Не все женщины. Не все... Жена Александрина к таковым явно не относилась. Связь мужа — вызывающе открытая, бурная, ничуть не утихающая, а, напротив, усиливающаяся со временем — не только не умиляла и не трогала ее, а рождала, как нетрудно догадаться, чувства прямо противоположные. Гнев. Ярость. И безумную, безумную ревность. "Моя жена совсем потеряла рассудок, — жалуется Золя своему приятелю. И обращается к нему с деликатной просьбой: — Не могли бы вы сходить на улицу Сен-Лазар, чтобы принять необходимые меры".
Улица Сен-Лазар — это улица, где жила в снятой Золя скромной квартирке его возлюбленная. Почтовый штемпель на письме к приятелю сохранил дату отправки: 11 ноября 1891 года. Письмо, однако, опоздало: двумя или тремя днями раньше здесь уже побывала Александрина. Она взломала замок в секретере соперницы, выхватила, узнав почерк мужа, его письма, которые хранились с таким благоговением, и швырнула их с размаху в камин. Золя не был свидетелем этой сцены, но Жанна рассказала ему, и этого оказалось достаточно, чтобы он описал ее в "Докторе Паскале".

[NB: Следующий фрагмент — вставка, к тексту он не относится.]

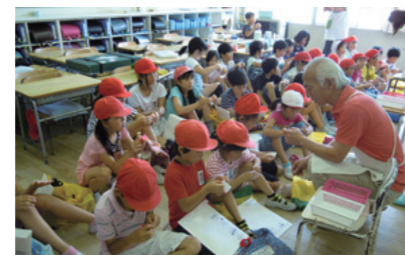
Children are peeling off polyethylene film.

We told children to peel off polyethylene film from milk cartons. Then cartons were then torn to pieces and put into a blender. After blending, we show them white pulp fibers of the cartons to let them know why milk cartons must be separately put out. (140 children from all grades attended the lesson.)

Но, к счастью, не все письма Золя, адресованные Жанне, погибли в огне; первое же, что получила она после этого аутодафе, благополучно дошло до наших дней.

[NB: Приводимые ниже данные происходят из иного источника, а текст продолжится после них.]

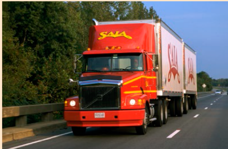
Saia recently launched two new service groups, Saia TL Plus and Saia Logistics Services. Each group offers unique services that complement each other well, and add the core capabilities that allow the transportation company to continue to grow and succeed in Georgia.

Легко сказать: не отчаивайся; Жанна ведь уже не одна, на руках у нее двухлетняя дочь Дениза и полуторамесячный сын Жак. Именно о его рождении извещало то загадочное объявление в "Фигаро" насчет фазана. Это был условный знак, шифр, придуманный Золя, который в момент рождения своего второго ребенка не мог быть рядом с Жанной, но которому не терпелось узнать, кого на сей раз пошлет ему милостивая судьба. Вот и уполномочил своего друга поместить в разделе объявлений соответствующий текст. "Если, — письменно инструктировал он, — будет мальчик, то употребите слово ф а з а н , а если девочка — фазаниха, как будто речь идет о вольере".

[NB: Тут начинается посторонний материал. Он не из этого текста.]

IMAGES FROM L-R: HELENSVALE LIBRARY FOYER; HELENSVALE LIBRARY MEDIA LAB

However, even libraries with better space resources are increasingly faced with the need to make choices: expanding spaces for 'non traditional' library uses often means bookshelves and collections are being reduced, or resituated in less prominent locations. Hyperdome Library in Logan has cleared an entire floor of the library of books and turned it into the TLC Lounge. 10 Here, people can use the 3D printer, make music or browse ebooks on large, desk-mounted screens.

О детях Золя мечтал страстно. Страстно, давно и — до появления Жанны — бесполезно. "Чувствуя, что жизнь подходит к концу, он больше всего хотел продлить ее в ребенке, который его увековечил бы". В данном случае речь идет о докторе Паскале, но эта тоска по ребенку не была фантазией писателя. Он хорошо помнил, как в течение долгих лет она угнетала его, тоска, — угнетала настолько, что "на глазах его выступали слезы, когда он встречал на улице улыбавшихся ему маленьких девочек с ясными глазками".
Золя не преувеличивал, говоря о редкой чувствительности своего героя, прототипом которого послужил он сам. Это ведь не доктор Паскаль, это ведь Эмиль Золя сокрушается по поводу того, что Жанна с детьми уехала на море, а он не мог присоединиться к ним. "Это действительно суровое наказание — лишить меня моря, лишить меня возможности быть отцом. Я был бы так счастлив, если бы мог взять на руки дорогую дочурку и смеяться с ней в прохладной воде или вместе с Жаком сооружать из песка цитадель, которую уносил бы начинающийся прилив".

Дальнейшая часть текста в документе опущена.